Finding your Motivation

I’ve never understood why tracking how many words you write a day is so significant. Rather than helping me, monitoring word count or hours worked per day is a hindrance to my motivation. I prefer to start each day with a plan that produces predetermined goals. Each day should move you closer to the end result, the completion of your book.

Thought One: Make a Plan. You’ve heard the terms “Plotter” (someone who outlines every detail of their story before they begin writing) and “Pantser” (someone who lets the story flow as it may). I’m somewhere in the middle. Each day I make a goal. “I will finish editing Chapter 1” or “I will write the first scene of Chapter 16.” It may take me hours to complete my goal, but I don’t stop until I’ve finished. Be careful about your goal. Is it too much to bite off for one session of writing? Set yourself up for success!
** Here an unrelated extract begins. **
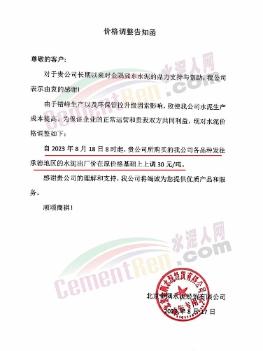 北京金隅水泥經(jīng)貿(mào)有限公司通知稱,由于錯(cuò)峰生產(chǎn)以及環(huán)保管控升級(jí)因素影響,致使公司水泥生產(chǎn)成本提高。為保證企業(yè)的正常運(yùn)營,自2023年8月18日8時(shí)公司各品種發(fā)往承德地區(qū)的水泥出廠價(jià)在原價(jià)格基礎(chǔ)上上調(diào)30元/噸。

Thought Two: Save some for the next day. You’ve accomplished your daily goal and it is oh so tempting to keep going.  That’s fine for your first draft. Approaching your editing sessions on advanced drafts takes a thoughtful plan. The idea is to keep yourself motivated, so you can reach your end goal.

Thought Three: If you’re not in the mood to write, do something else constructive.  Research is a big part of the writing process.  Writing drafts of the back cover blurb or synopsis is another option. Sometimes when the creative juices aren’t flowing, I take the opportunity to flow out my plot and subplots.

Final Thought: Sticking to your daily goals is an important part of developing the writing craft. They are an agreement you make with the creative you. Always keep the promises you make to yourself.